Exercise objective
Take the whole listing and reproduce it exactly, pictures excepted.

The data
◆ ◆ ◆

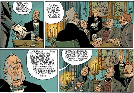 J’ai particulièrement apprécié celles où on homme infirme veut se venger de sa femme et de son amant, où un homme enquête sur un meurtre avant de découvrir qu’il en est lui-même le coupable, où des femmes montent un brillant stratagèmes pour cacher à leurs mari le crime de l’une d’entre elles ou encore celle où un homme insignifiant tue sans être inquiété avant de périr à son tour dans des conditions assez comiques. Il y a quelques trouvailles dans ces enquêtes élégantes et quelques jolies références aux classiques de l’énigme. On se délecte de ces histoires un rien macabre au cynisme irrésistible. A la fois un très bel objet et une excellente BD, un réel plaisir pour les yeux comme pour l’esprit !
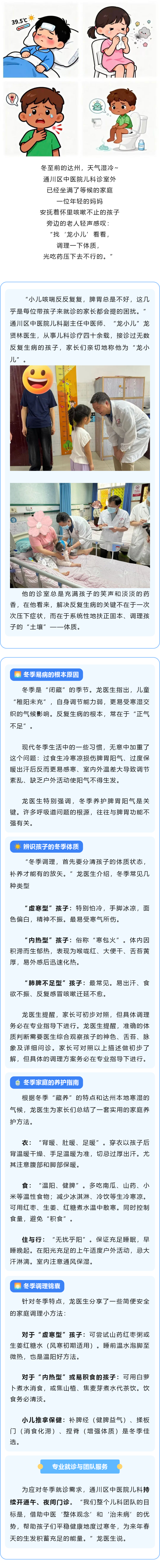 孩子频生病?区中医院“龙小儿”医生为您支招 达州市通川区中医院 2025-12-12 16:53 1497 寒冬孩子频生病?通川区中医院“龙小儿”医生为您支招编辑:伍从燕编审:杨 淋总编:王 勇 打开微信“扫一扫”,打开网页后点击屏幕右上角分享按钮 评论 1 tc38893 2025-12-14 注意健康从我做起 我要评论
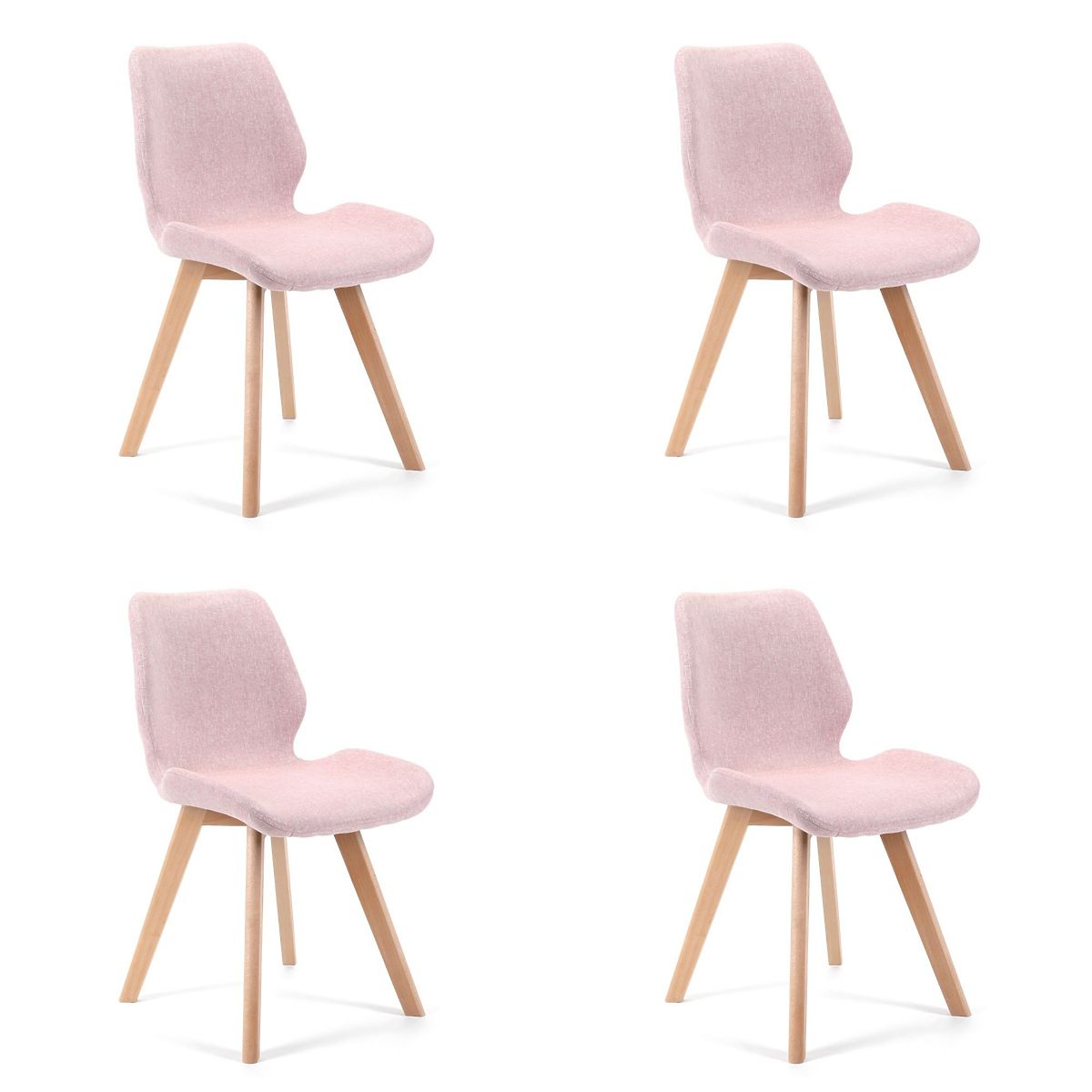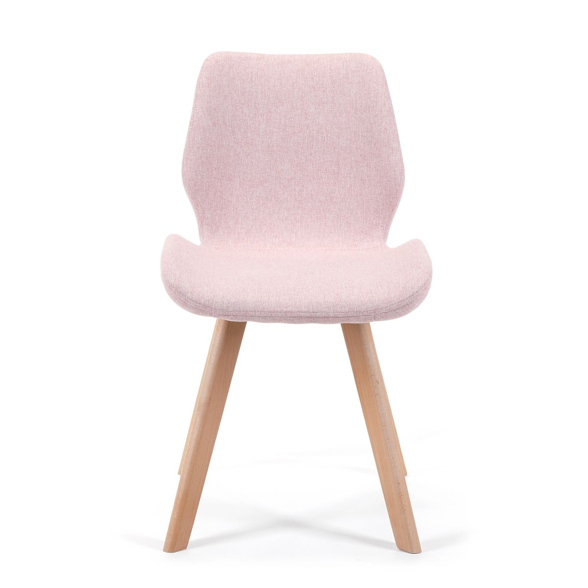 Chaise scandinave rose avec pieds en bois et tissu confortable. .. plus

◆ ◆ ◆

Exercise result
 J’ai particulièrement apprécié celles où on homme infirme veut se venger de sa femme et de son amant, où un homme enquête sur un meurtre avant de découvrir qu’il en est lui-même le coupable, où des femmes montent un brillant stratagèmes pour cacher à leurs mari le crime de l’une d’entre elles ou encore celle où un homme insignifiant tue sans être inquiété avant de périr à son tour dans des conditions assez comiques. Il y a quelques trouvailles dans ces enquêtes élégantes et quelques jolies références aux classiques de l’énigme. On se délecte de ces histoires un rien macabre au cynisme irrésistible. A la fois un très bel objet et une excellente BD, un réel plaisir pour les yeux comme pour l’esprit !
 孩子频生病?区中医院“龙小儿”医生为您支招 达州市通川区中医院 2025-12-12 16:53 1497 寒冬孩子频生病?通川区中医院“龙小儿”医生为您支招编辑:伍从燕编审:杨 淋总编:王 勇 打开微信“扫一扫”,打开网页后点击屏幕右上角分享按钮 评论 1 tc38893 2025-12-14 注意健康从我做起 我要评论
 Chaise scandinave rose avec pieds en bois et tissu confortable. .. plus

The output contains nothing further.